Helping Guide Immigrant Children with Board Game, Make a Move

University of Miami assistant professor Lien Tran has dedicated her time and expertise to providing a gaming solution to help the thousands of unaccompanied immigrant minors held in detention centers throughout the U.S. after crossing the border. Many of these children flee their countries mainly to escape violence or abuse; to find family members already living in the U.S.; or who were brought into the U.S. by human trafficking rings. The tough journey to reach the border is not the only hardship these unaccompanied and undocumented children face. Once immigration authorities apprehend them, they are held at detention centers where they have to make difficult decisions about their future, even at their young age. Make a Move, the game developed by Professor Tran, teaches children in a fun and entertaining way to understand the complex legal process and the options they have for being released. It has also been translated and named “Toma el Paso” in Spanish.

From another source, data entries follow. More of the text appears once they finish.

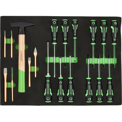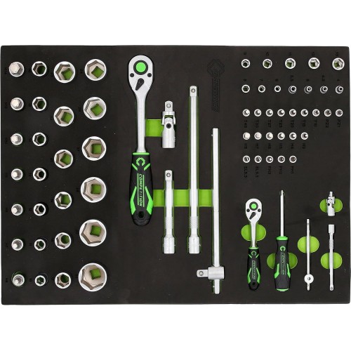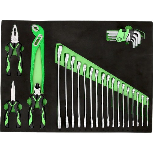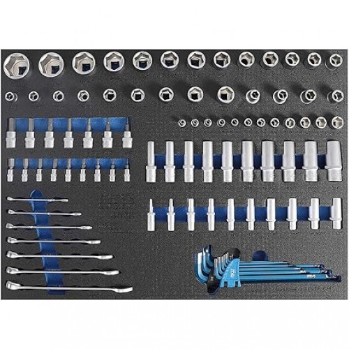 Den perfekta mekaniker verkstads vagnen med verktyg i både tum och milimeter , den enda i sitt slag med detta uppläget. Att ha i bil eller MC verkstaden när man mekar med olika fordon så finns det mesta i Tum och milimeter , inga onödig vertyg för att fylla upp vagnen med , och ingen " Kina" kvalite. Med hög kvalite på samtliga delar från Tyska Leverantörer som KS Tools och BGS Tools, tillverkade enligt DIN kvalite. Vagn från KS Tools med 7 kullagrade lådor på skenor som är låsbara med nyckel, samt stora bra hjul varav 2 är låsbara. Fem lådor är fyllda med diverse verktyg som ligger fint sorterat i skumplats, de blåa har tumverktyg och de gröna har milimeter verktyg.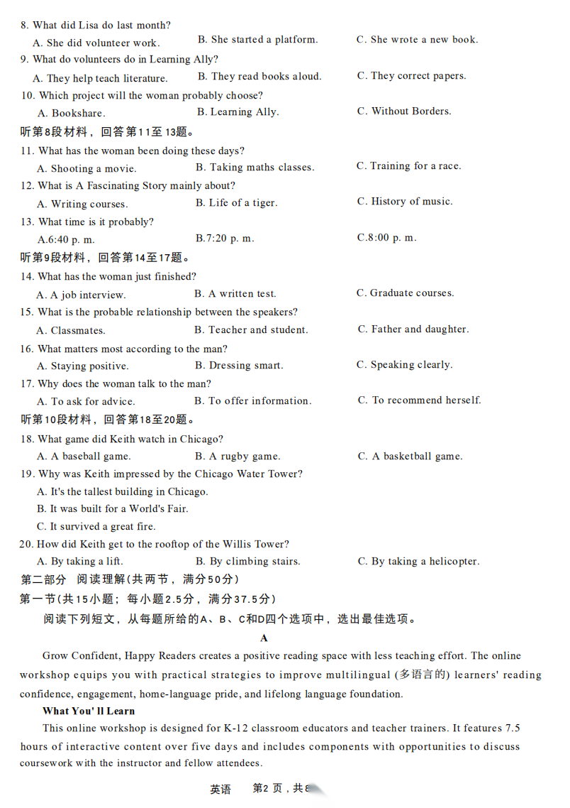【高三】四川省南充市高2026届高考适应性考试(二诊) 【高三】四川省南充市高2026届高考适应性考试(二诊)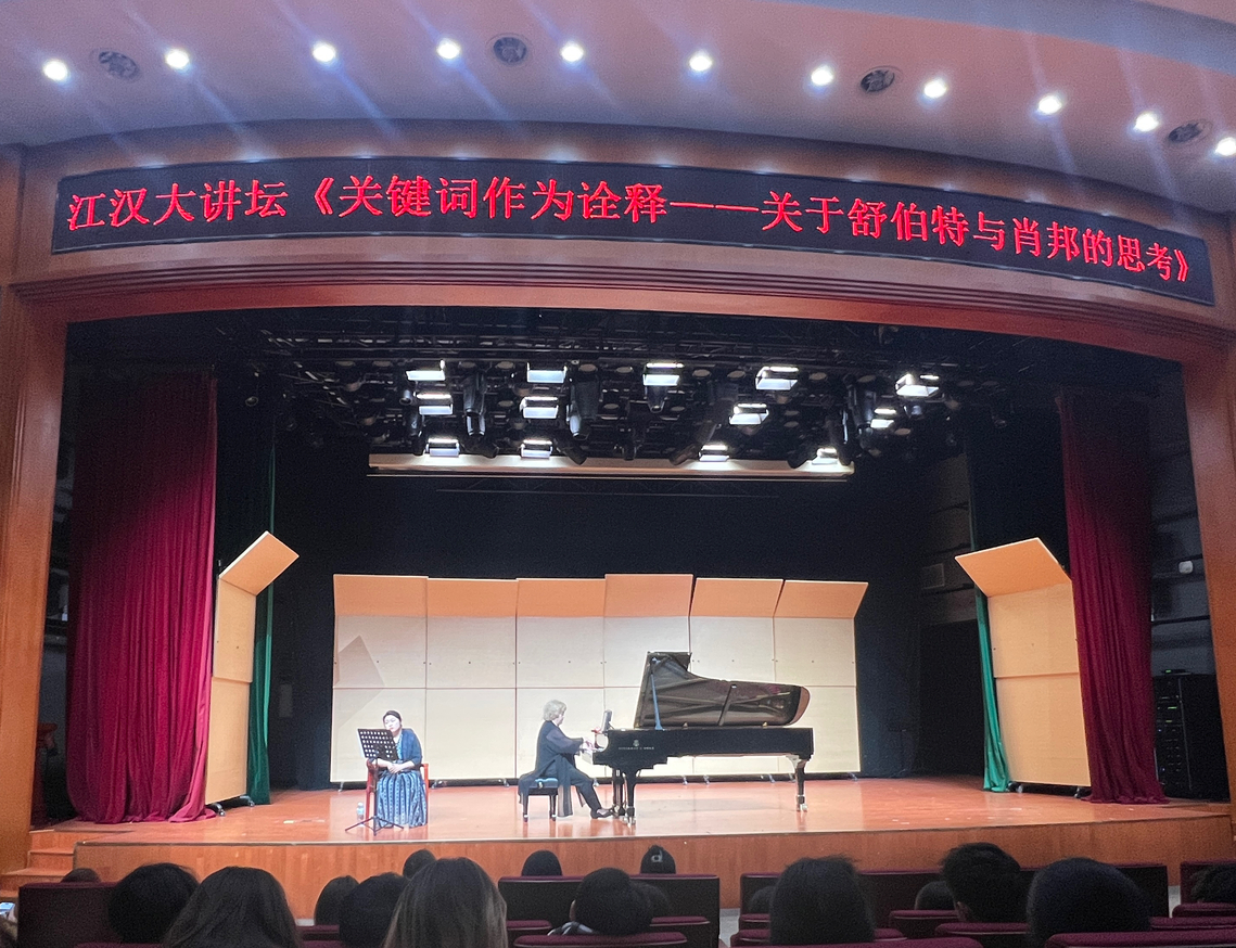 江大新闻网讯 日前,教务处、音乐学院联合主办的江汉大讲坛在音乐学院小音乐厅开讲。本次讲坛邀请德国代特莫尔德音乐学院钢琴系副主任艾莲娜·玛格琳娜·海特教授,带来题为“关键词作为诠释——关于舒伯特与肖邦的思考”的讲演音乐会,为我校师生呈现了一场兼具学术深度与艺术感染力的视听盛宴。

This month, Professor Tran held a bilingual game training session with 20 resident shelter staff who work with many of these children at His House Children’s Home in Miami Gardens, FL. Her aim was to introduce Make a Move and train these counselors how to become facilitators of the game and help children play Make a Move during their stay at His House. Thanks to funding from The New School’s New Challenge, 12 copies of the game have been donated to His House so that children could play as many times as they’d like. The counselors expect this game to be a useful tool for them to help these children make the right decisions for themselves.

 

Make a Move is a board game where players learn that there are three pathways to be released from detention and that some factors could affect their release approval in each. The three pathways are:

  1. Reunification – When a child asks the U.S. government to live with an adult in the U.S. If the sponsor is not a parent of the child, he or she must get a notarized letter from one of the parents granting him or her custody of the child.

 

  1. Federal foster care – When a child wants the U.S. government to find him or her a new home in the U.S. to live. The child must qualify for legal relief to live with a foster family or group.

 

  1. Voluntary departure – When a child requests from a judge to return to his or her home country. Unlike deportation, a child who is granted voluntary departure doesn’t have to wait 10 or more years before applying to legally enter the U.S.

 

In the game, children are introduced to the role of the case manager and to the different documentation they will need for each of the three options, which will help them make a better decision about their future. It also helps make these children accountable and knowledgeable for what they need to obtain in order to be released.

UM commends Professor Tran for designing and executing such a creative solution to those who most need it. With Professor Tran’s board game, these already vulnerable children will benefit from not only hours of fun and play, freeing them from a stressful situation, but also in helping them become more empowered.